Subject: | Re: [socialcredit] Re: Article by Richard Cook | Date: | Monday, December 24, 2007 10:25:09 (-0700) | From: | Martin Hattersley <jmartinh @....ca>
|
In reply to: | Message 5181 (written by Joe Thomson) |
Alberta's Social Credit Government, thinking always in terms that what was
physically possible should be made financially possible, spent an enormous
amount of effort in trying to find a method to "unlock" the tar sands before
processes were developed to do this.
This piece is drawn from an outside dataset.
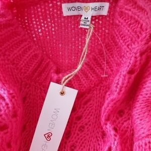NWT WOVEN HEART Open Stitch Hot Pink Sweater

The fact that the oil was there was
well known for a long time: the difficulty was, and still is, how to find an
economical way to extract it.
Until oil prices rose, and conventional oil became harder to extract, the
whole business of developing production from the oil sands in this very
remote region wasn't economic, and I have never seen much evidence of US
firms pushing their way in. Now, of course, they are much more interested,
not only in the production, but in doing the processing in the US - again,
for the purpose of giving their people jobs!
Martin Hattersley, 5929-189 St.,
EDMONTON AB CANADA T6M 2J1
Phone (780) 483-5442
e-mail <jmartinh@shaw.ca>
----- Original Message -----
From: "Joe Thomson" <thomsonhiyu@shaw.ca>
To: <socialcredit@elistas.com>
Sent: Sunday, December 23, 2007 10:28 AM
Subject: Re: [socialcredit] Re: Article by Richard Cook
Hi Bill (McGunnigle),
No, I wouldn't say that's quite correct, Bill. To my knowledge, there
wasn't too much 'urging' on the part of the US for Canada to develop the
Alberta tar sands.
As I recall, and maybe some of those on this List who are residents of
Alberta and closer to the situation than I am can correct me if I'm wrong,
there had to be some pretty hefty inducements and investments on the part of
Canadian government(s) to even interest the oil companies to go ahead.
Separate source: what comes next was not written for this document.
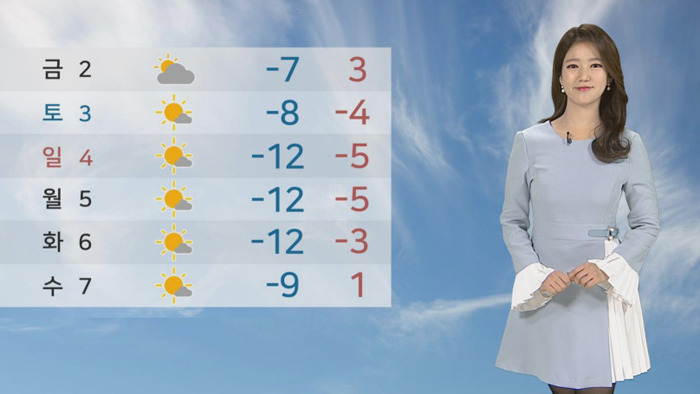 • 서울: 아침 -7도, 낮 -3도 내외, 맑음

It is not, so far as I'm aware, a very 'cheap' process to extract this oil.
The attraction for Canada, and Alberta, seems to me to be the same
attraction that drives most of the decisions made regarding any resource
exploitation ~ "jobs". Our politicos would sell their souls to the Devil
himself so long as those job creation numbers are rising under their watch.
To say that the USA " wants to preserve its own indigenous oil stocks", and
use up ours and Mexicos instead doesn't really seem to wash either. So far
as I know, there is a considerable portion of Alaskan oil production that's
exported to Japan. I do believe there are considerable proven potential oil
deposits yet to come on stream in all three countries. And even more
areas, at least so far as Canada is concerned, and probably the USA, too,
where oil exploration hasn't been yet even undertaken.
In addition, there is some indication that much we've assumed about the
formation of oil deposits may not be correct, and that there may be some
replenishment of fields thought to have been worked out. It would seem
there's an enormous amount we just don't yet understand about this valuable
resource.
Regards,
Joe
----- Original Message -----
From: William Hugh McGunnigle
To: socialcredit@elistas.com
Sent: Sunday, December 23, 2007 5:22 AM
Subject: Re: [socialcredit] Re: Article by Richard Cook
Hi John and Joe
Thank you both for filling in gaps in my knowledge
on Canadian trade. Am I correct in assuming that. at present, Canada is
being urged to develope the oil shales and tar sands of Alberta by US
pressure under the pretext of an oil policy for the whole of North America?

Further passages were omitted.